As of now, it hasn’t been announced who the new CEO of Berkshire will be, but Buffett has given us a few hints. It is going to find someone who already works at Berkshire, and he wants them to be (relatively) young.
While I understand that it might be a little scary to think about the day that Warren Buffett leave Berkshire Hathaway, considering both his fame and fortune, there definitely isn’t any reason to worry— and here’s why.
Hands Off Management
When Warren Buffett leaves Berkshire, all of the subsidiary are going to be pretty, well, unaffected. This is because one of Buffett’s biggest rules of investing is to focus on the business, and not who’s running it. Since he’s always invested with this thought process, Buffett has never been one to step in and make changes to his subsidiary’s.
For example, Buffett has said that a ham sandwich can run Coca-Cola and “your idiot nephew” could run just about any good business.

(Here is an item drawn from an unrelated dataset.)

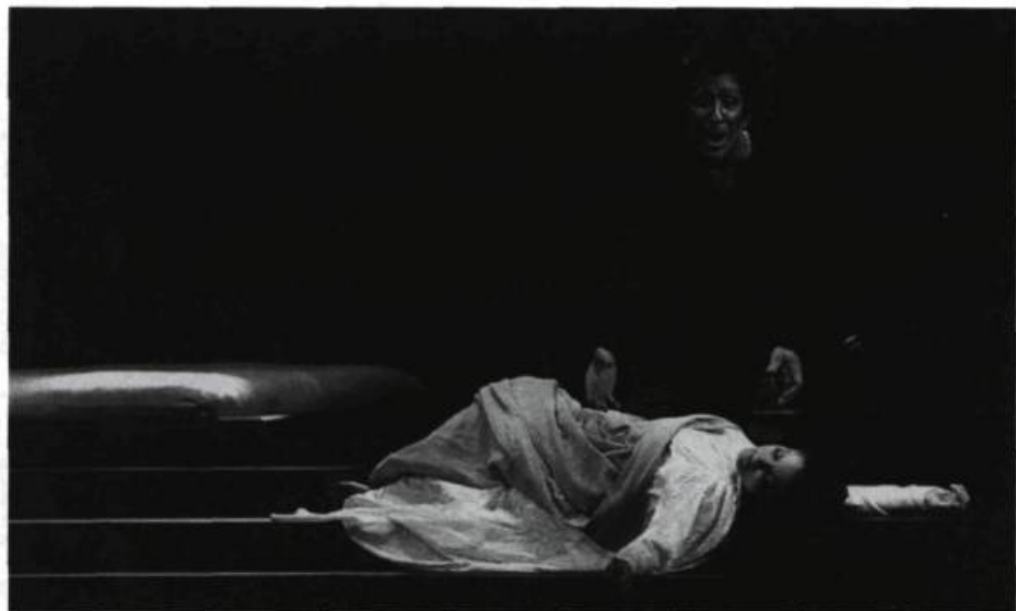
Otello de Verdi, dirigé par Antoine Vitez à l'Opéra de Montréal. «Il est intéressant de rapprocher toute tragédie de son origine, de remonter à sa source, au fait divers sordide.»

Un tel témoignage donne conscience au jeune acteur que ce que l'on joue n'est pas arbitraire. Naturellement, sous forme d'exercice, on peut s'amuser, à l'intérieur de l'école, à jouer l'interprétation la plus tragique, puis une interprétation comique, puis à voir

The potential to profit has never been an issue for Berkshire Hathaway because of the approach that Buffett takes. Firstly, Berkshire has a lot of cash— or at least liquid assets. This is probably because Buffett thinks cash is like oxygen, “never thought about when it is present, the only thing in mind when it is absent.” Additionally, Berkshire has a huge variety of investments which were all hand picked by professionals. There is so much diversity in the Berkshire portfolio that even if the market was doing poorly, Berkshire would hold it’s upper hand.
To keep shareholders at ease until Buffett makes his decision for his successor public knowledge, he has said that his son Howard will be named non-executive chairman at Berkshire. This will help make the change to CEO easier, if there ever became a need.